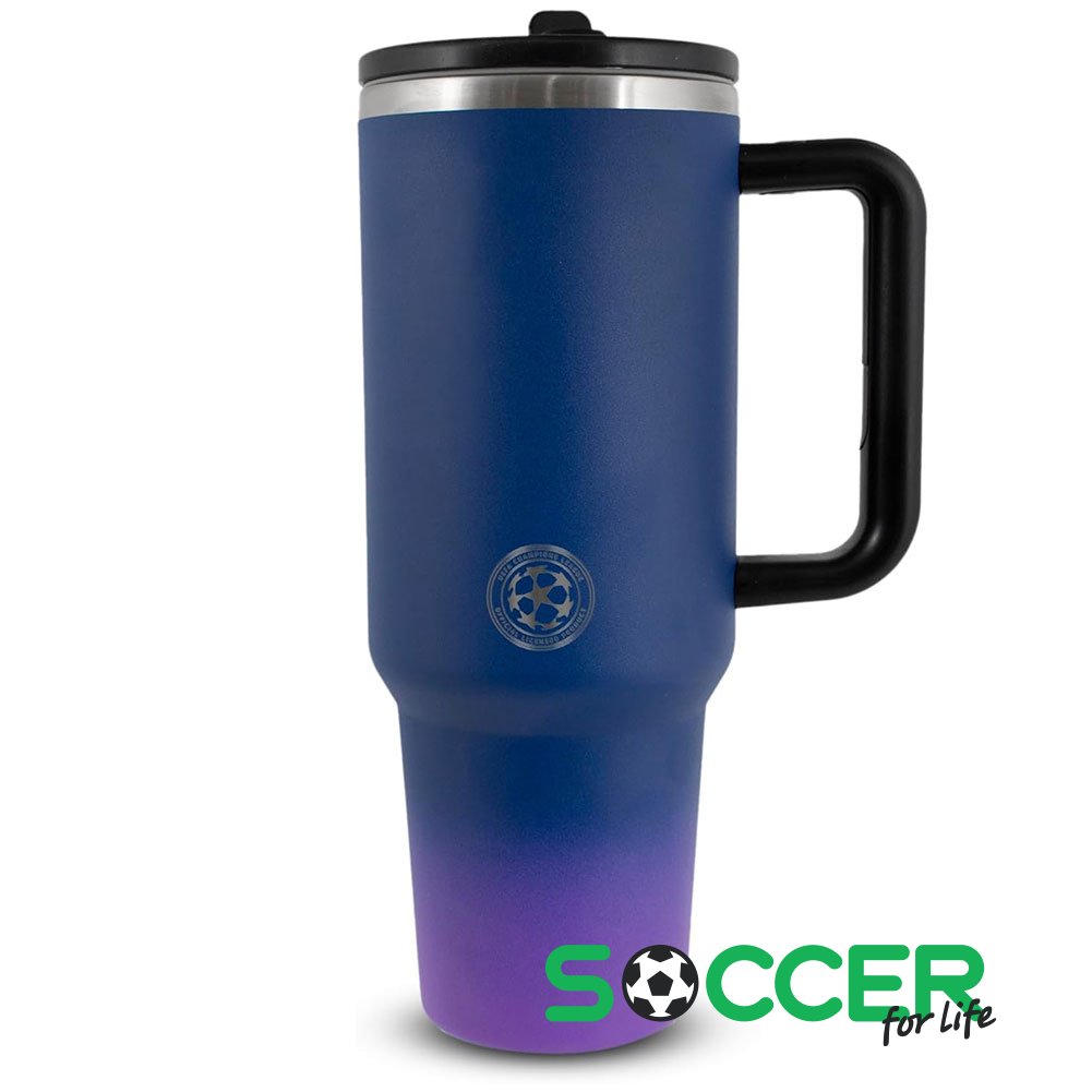 ОписаниеСиняя термочашка объемом 40 унций (1227 мл) с гербом Лиги чемпионов УЕФА.
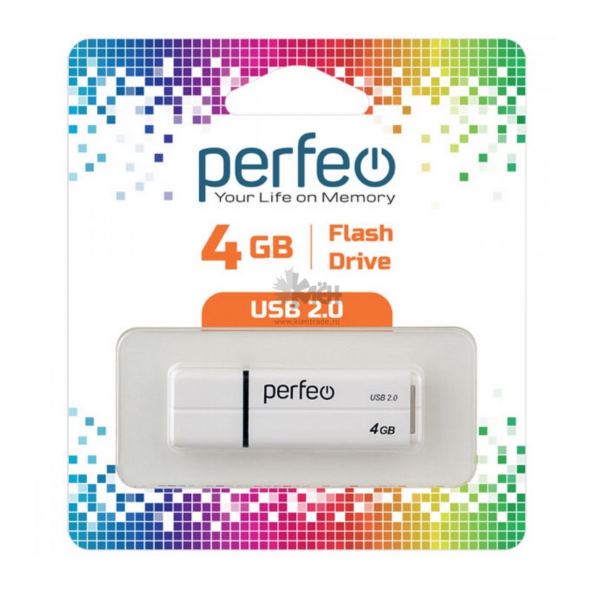 USB накопитель Perfeo C01G2 с колпачком, модель C01G2 объемом памяти 4GB, белого цвета имеет компактный размер.
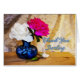 Rozen in een vaas zeggen dankjewel aan een schat. Oorspronkelijk kunstwerk dat twee rozen in een blauwe vaas toont met rosebuds die op de lijst liggen.
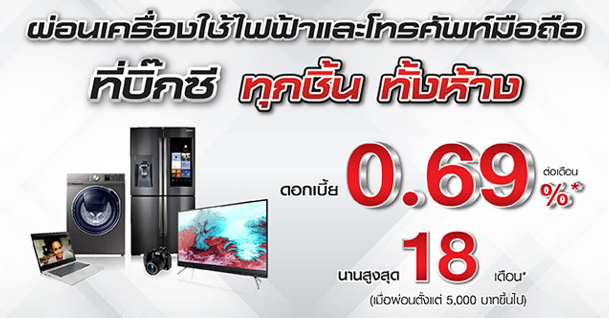 ผ่อนเครื่องใช้ไฟฟ้า โทรศัพท์มือถือและ ไอที เพียง0.69 % ที่บิ๊กซี
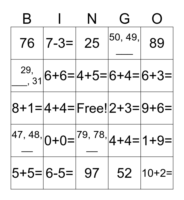 This bingo card has a free space and 24 words: 0+0=, 6-5=, 4+5=, 5+5=, 89, 76, 29, ___, 31, 7-3=, 2+3=, 79, 78, __, 6+4=, 8+1=, 4+4=, 1+9=, 6+6=, 52, 9+6=, 25, 6+3=, 4+4=, 10+2=, 47, 48, __, 50, 49, ___ and 97.
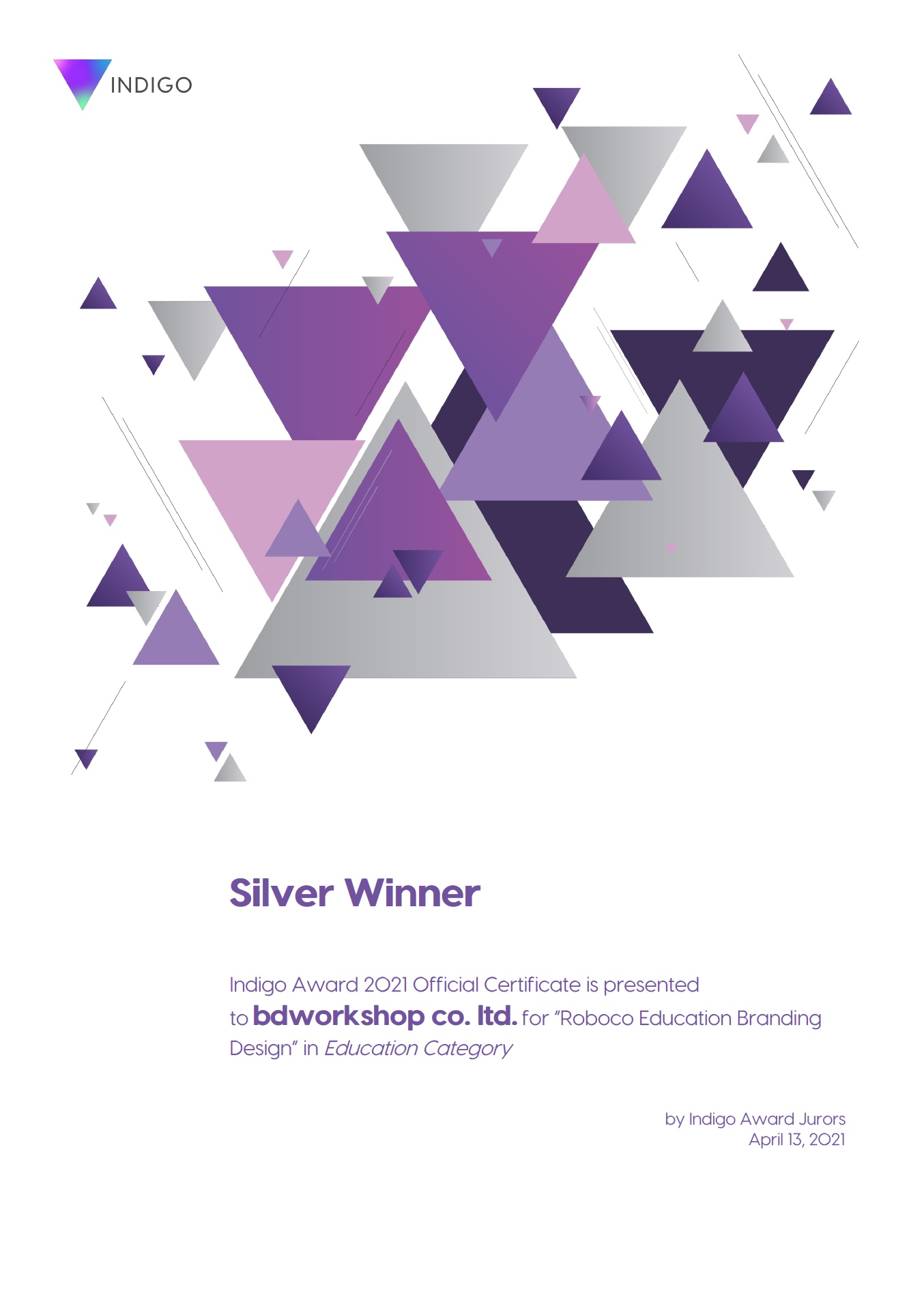 Indigo Awards 2021 - Roboco Education Branding home
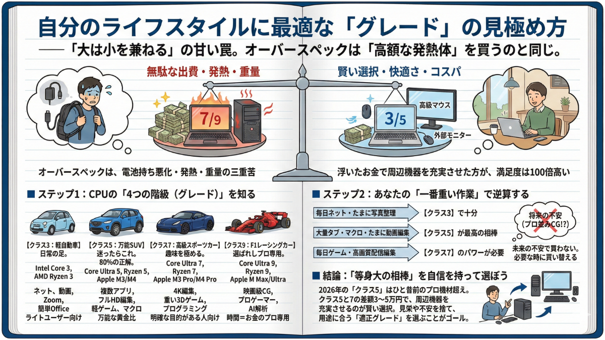 パソコンも、これと全く同じです。最高級のCPUが、あなたの用途にとって「正解」とは限らないのです。
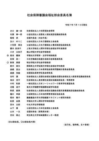 社会保障審議会福祉部会委員名簿
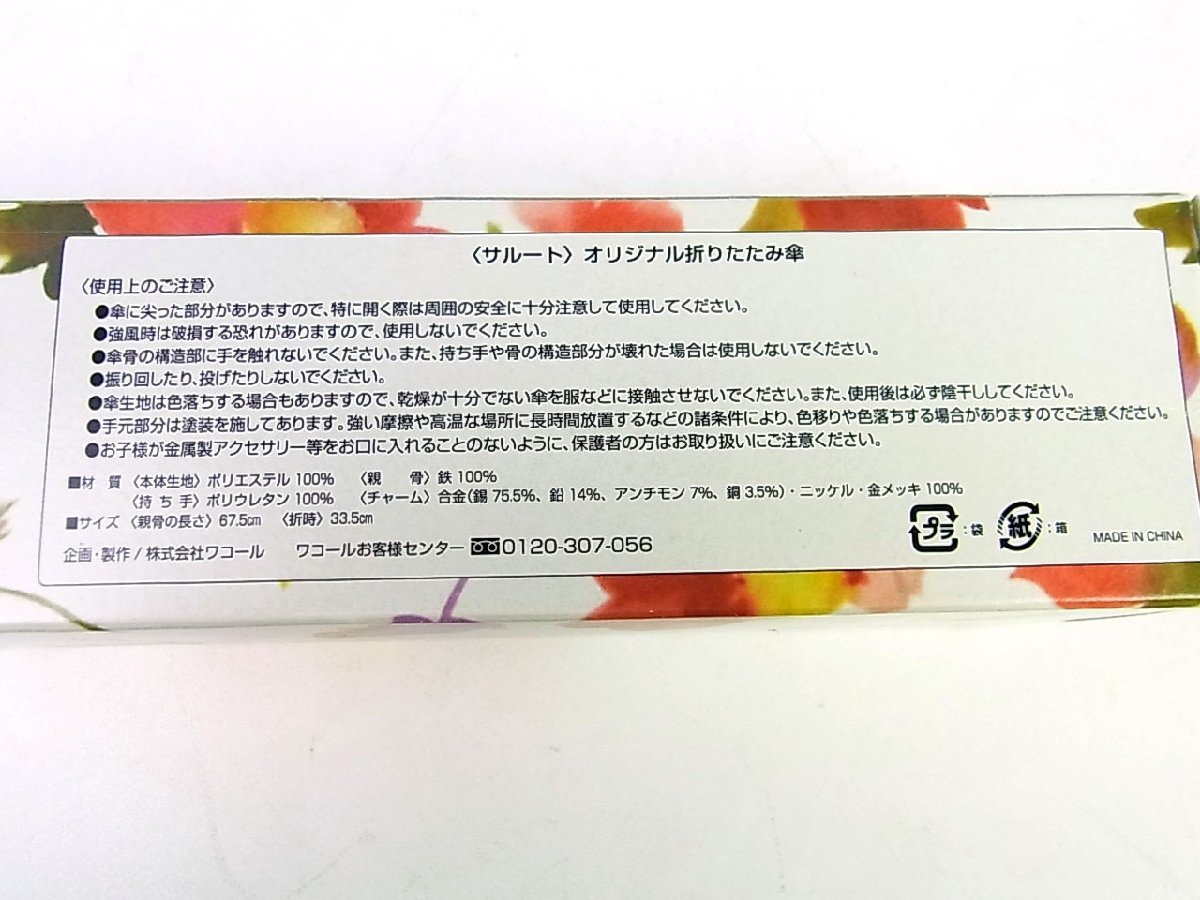■■■メーカー■■■ wacoal/ワコール ■■■品 名■■■ 折り畳み傘 晴雨兼用 ラインストーン チャーム付 salute/サルート ノベルティ ■■■サ イ ズ■■■ ●親骨の長さ:67.5cm ●折時:33.5cm ■■■カ ラ ー■■■ プレジャーオレンジ ■■■状 態■■■ 【未使用】 未使用品ではございますが、保管品であることをご理解の上、ご入札下さい。 ※お譲りするものは画像の物が全てです。 ※外箱にスレ等の傷みが若干ございます。 ※綺麗に畳まれたままの商品ですので、広げての検品は行っておりません。畳まれた内側にシミ等あった場合でも現状渡しとなりますので、ご了承下さいませ。 ■■■商品説明■■■ ★★サルート 春夏のノベルティ★★ ●持ち手にはサルートのラインストーン チャームアクセサリーが付いています。 ●花柄 【付属品】外箱 |
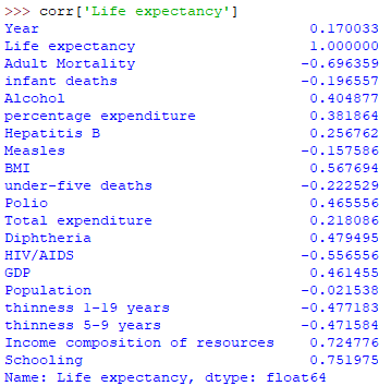 I am using a set of data from this kaggle webpage. Quoted from that page : the data was collected from the WHO and the United Nations website with the help of Deeksha Russell and Duan Wang.
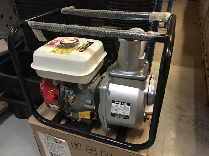 Aanzuig- en persopening diameter 80mm (3"), 60m³ per uur, 4-takt, 196cc. Met diverse aansluitstukken.Ongebruikt in verpakking
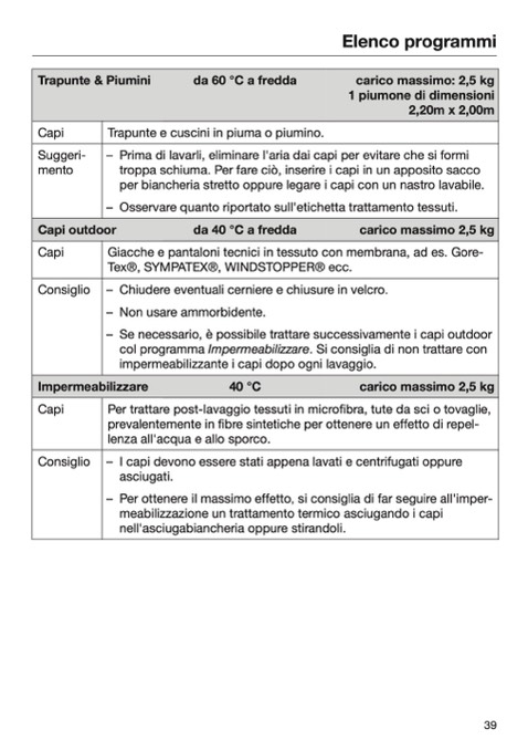 troppa schiuma. Per fare ciò, inserire i capi in un apposito sacco
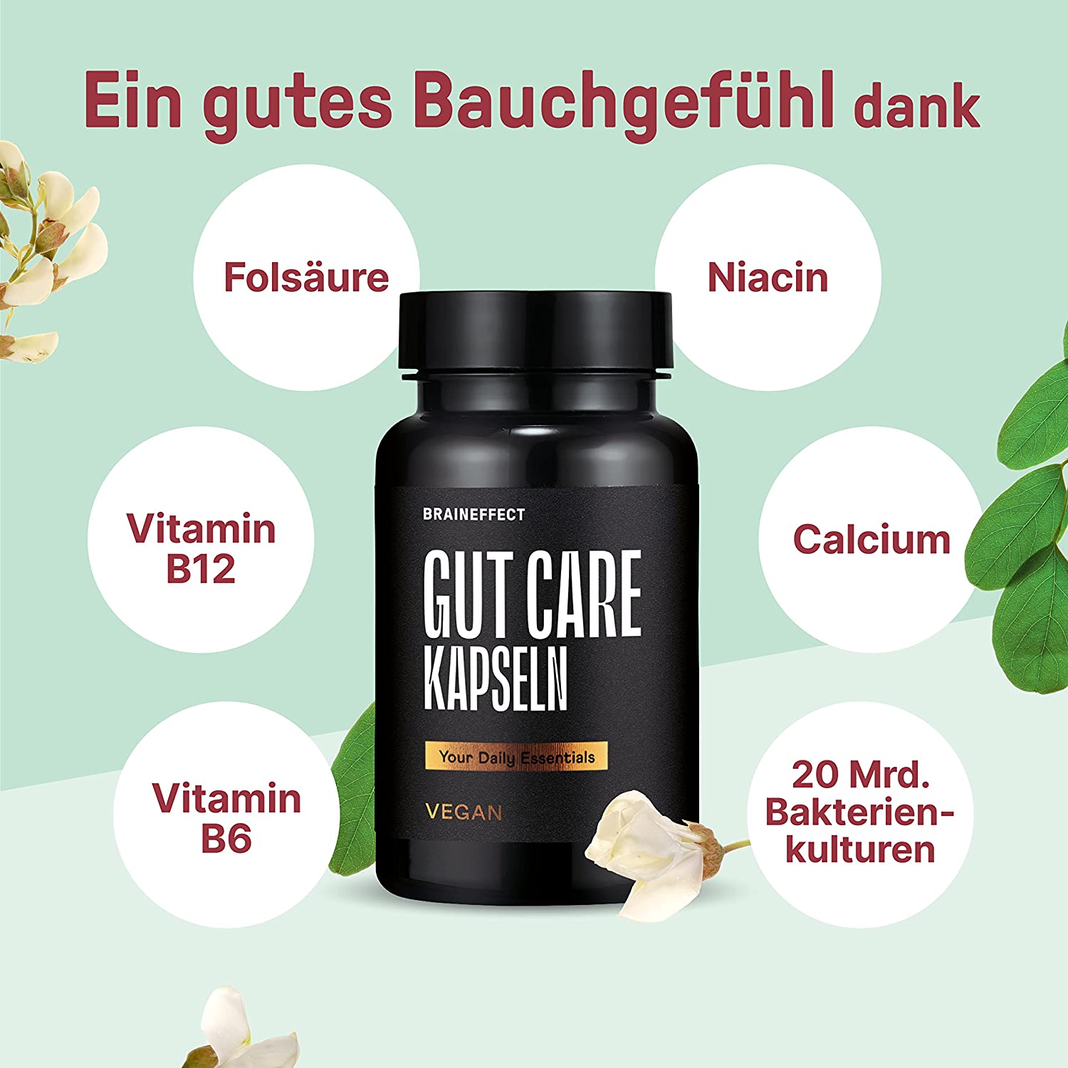 GUT CARE Kapseln enthalten: Calciumcarbonat, Akazienfaserpulver (Acacia seyal), Dextrin (Nutriose), Überzugsmittel: Hydroxypropylmethylcellulose (pflanzliche Kapselhülle), Lactobacillus crispatus, Nicotinamid, Lactobacillus plantarum, Lactobacillus acidophilus, Lactobacillus rhamnosus, Bifidobacterium longum, Bifidobacterium breve, Bifidobacterium bifidum, Bifidobacterium lactis, Lactobacillus casei, Bifidobacterium infantis, Streptococcus thermophilus, Lactobacillus helveticus, Lactococcus lactis, Lactobacillus gasseri, Bifidobacterium adolescentis, Lactobacillus paracasei, Bacillus coagulans, Enterococcus faecium, Lactobacillus reuteri, Lactobacillus salivarius, Vitamin B6, Folsäure, Vitamin B12
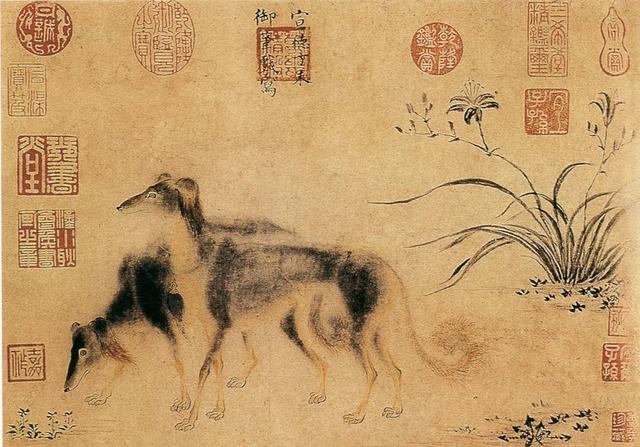 萱草入画,始于唐末五代。据宣和画谱记载,晚唐画家刁光曾绘《萱草百合图》,这大约是史载最早的一副萱草图了。从画作名称看,应该是祝愿婚姻美满、子孙昌盛。而后南唐梅行思绘《萱草鸡图》,五代滕昌佑作《萱草兔图》,北宋赵昌画《萱草榴花图》。上面的这幅《萱花双犬图》是明宣宗朱瞻基的作品,绘于宣德丁未年。当时宫中贵妃有孕,画中双犬相伴相依,恩爱融洽,婀娜的萱花反映出宣宗求子心切。
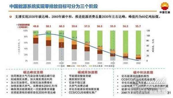中国方面,能源系统要实现零碳排放可以先后分为三个阶段,依次是碳达峰攻坚期,碳减排加速期和碳中和决胜期。
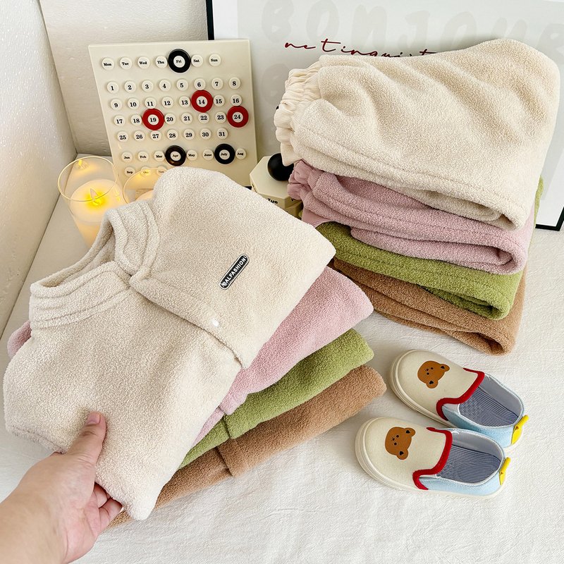 Autumn And Winter Children’s Casual Plush Top And Pants Two-Piece Set
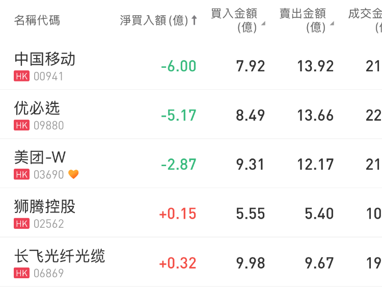 中国移动、优必选、美团-W分别遭净卖出6亿港元、5.17亿港元、2.87亿港元。
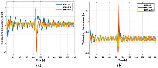 These results indicate that the proposed controller offers superior adaptive and anti-interference capabilities, effectively maintaining stable generator operation. Figure 11 shows the internal and external bending displacement of the blade tip surface. As shown in Figure 11a, there is no significant difference in the maximum values of the internal and external bending displacements of the blade tip surface across the three controllers. However, Figure 11b indicates that the fluctuation in the maximum value of the external displacement is more pronounced. Compared to the ROSCO controller, the standard deviation of the external bending displacement of the blade tip surface is reduced by 31.8%. This reduction effectively mitigates wind perturbations and alleviates fluctuations in both the blades and the associated loads. Table 6 provides the standard deviations of both in-plane and out-of-plane displacements at the tip of the blade for each controller.
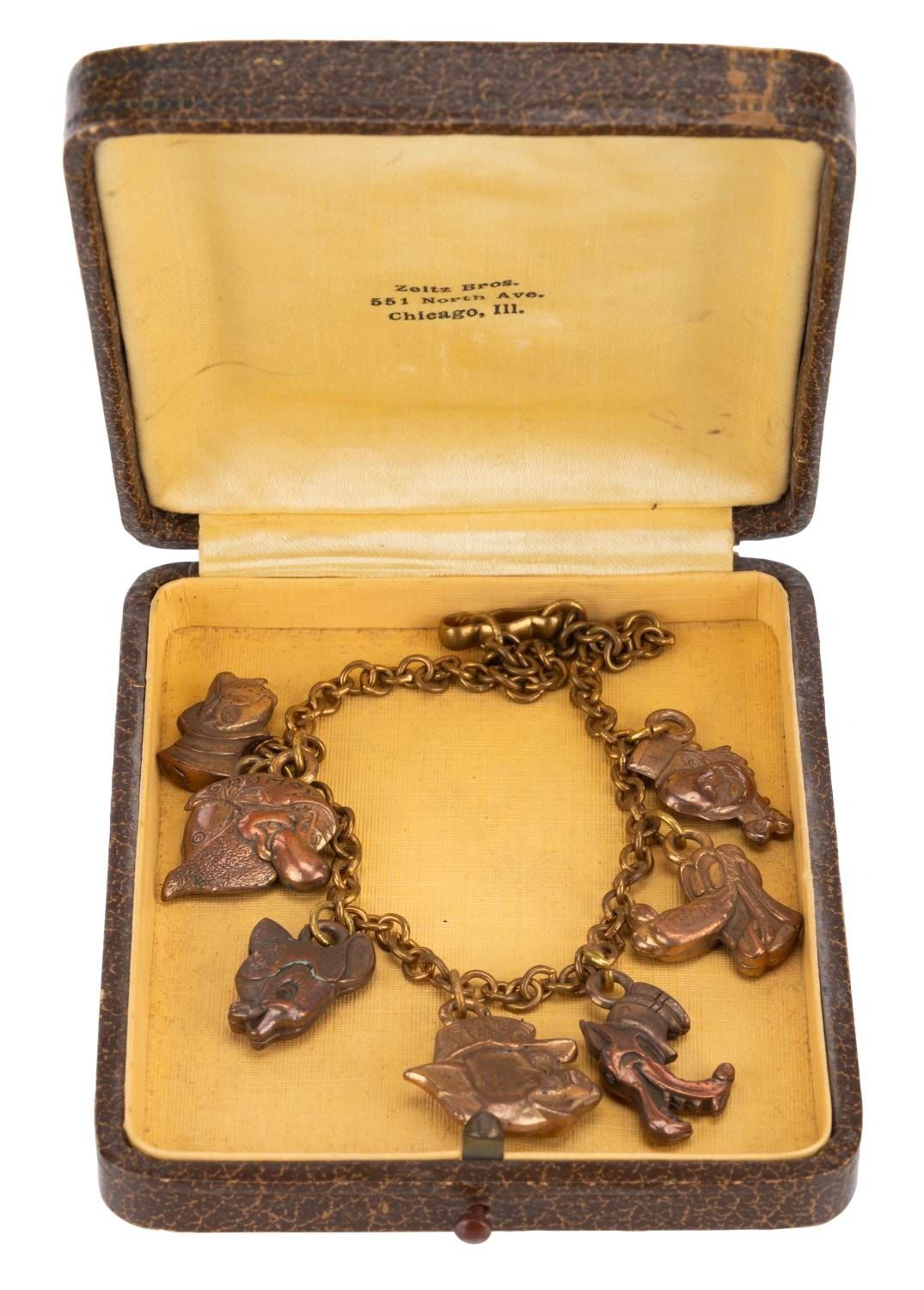 (Disney, 1940s) A gold-toned charm bracelet and protective case featuring Grumpy, Jiminy Cricket, Bambi, Practical Pig, the Big Bad Wolf, Pluto, and José Carioca. Measuring 10.25" in length, the bracelet is in very good condition with oxidation.

_Problem requirements_
Would you output only the span of the records above that opens with the line containing "パソコンも、これと全く同じで" and closes with the line containing "中国方面,能源系统要实现零碳", ends included and pictures dropped?

_Solution_
 パソコンも、これと全く同じです。最高級のCPUが、あなたの用途にとって「正解」とは限らないのです。
 社会保障審議会福祉部会委員名簿
■■■メーカー■■■ wacoal/ワコール ■■■品 名■■■ 折り畳み傘 晴雨兼用 ラインストーン チャーム付 salute/サルート ノベルティ ■■■サ イ ズ■■■ ●親骨の長さ:67.5cm ●折時:33.5cm ■■■カ ラ ー■■■ プレジャーオレンジ ■■■状 態■■■ 【未使用】 未使用品ではございますが、保管品であることをご理解の上、ご入札下さい。 ※お譲りするものは画像の物が全てです。 ※外箱にスレ等の傷みが若干ございます。 ※綺麗に畳まれたままの商品ですので、広げての検品は行っておりません。畳まれた内側にシミ等あった場合でも現状渡しとなりますので、ご了承下さいませ。 ■■■商品説明■■■ ★★サルート 春夏のノベルティ★★ ●持ち手にはサルートのラインストーン チャームアクセサリーが付いています。 ●花柄 【付属品】外箱 |
 I am using a set of data from this kaggle webpage. Quoted from that page : the data was collected from the WHO and the United Nations website with the help of Deeksha Russell and Duan Wang.
 Aanzuig- en persopening diameter 80mm (3"), 60m³ per uur, 4-takt, 196cc. Met diverse aansluitstukken.Ongebruikt in verpakking
 troppa schiuma. Per fare ciò, inserire i capi in un apposito sacco
 GUT CARE Kapseln enthalten: Calciumcarbonat, Akazienfaserpulver (Acacia seyal), Dextrin (Nutriose), Überzugsmittel: Hydroxypropylmethylcellulose (pflanzliche Kapselhülle), Lactobacillus crispatus, Nicotinamid, Lactobacillus plantarum, Lactobacillus acidophilus, Lactobacillus rhamnosus, Bifidobacterium longum, Bifidobacterium breve, Bifidobacterium bifidum, Bifidobacterium lactis, Lactobacillus casei, Bifidobacterium infantis, Streptococcus thermophilus, Lactobacillus helveticus, Lactococcus lactis, Lactobacillus gasseri, Bifidobacterium adolescentis, Lactobacillus paracasei, Bacillus coagulans, Enterococcus faecium, Lactobacillus reuteri, Lactobacillus salivarius, Vitamin B6, Folsäure, Vitamin B12
 萱草入画,始于唐末五代。据宣和画谱记载,晚唐画家刁光曾绘《萱草百合图》,这大约是史载最早的一副萱草图了。从画作名称看,应该是祝愿婚姻美满、子孙昌盛。而后南唐梅行思绘《萱草鸡图》,五代滕昌佑作《萱草兔图》,北宋赵昌画《萱草榴花图》。上面的这幅《萱花双犬图》是明宣宗朱瞻基的作品,绘于宣德丁未年。当时宫中贵妃有孕,画中双犬相伴相依,恩爱融洽,婀娜的萱花反映出宣宗求子心切。
中国方面,能源系统要实现零碳排放可以先后分为三个阶段,依次是碳达峰攻坚期,碳减排加速期和碳中和决胜期。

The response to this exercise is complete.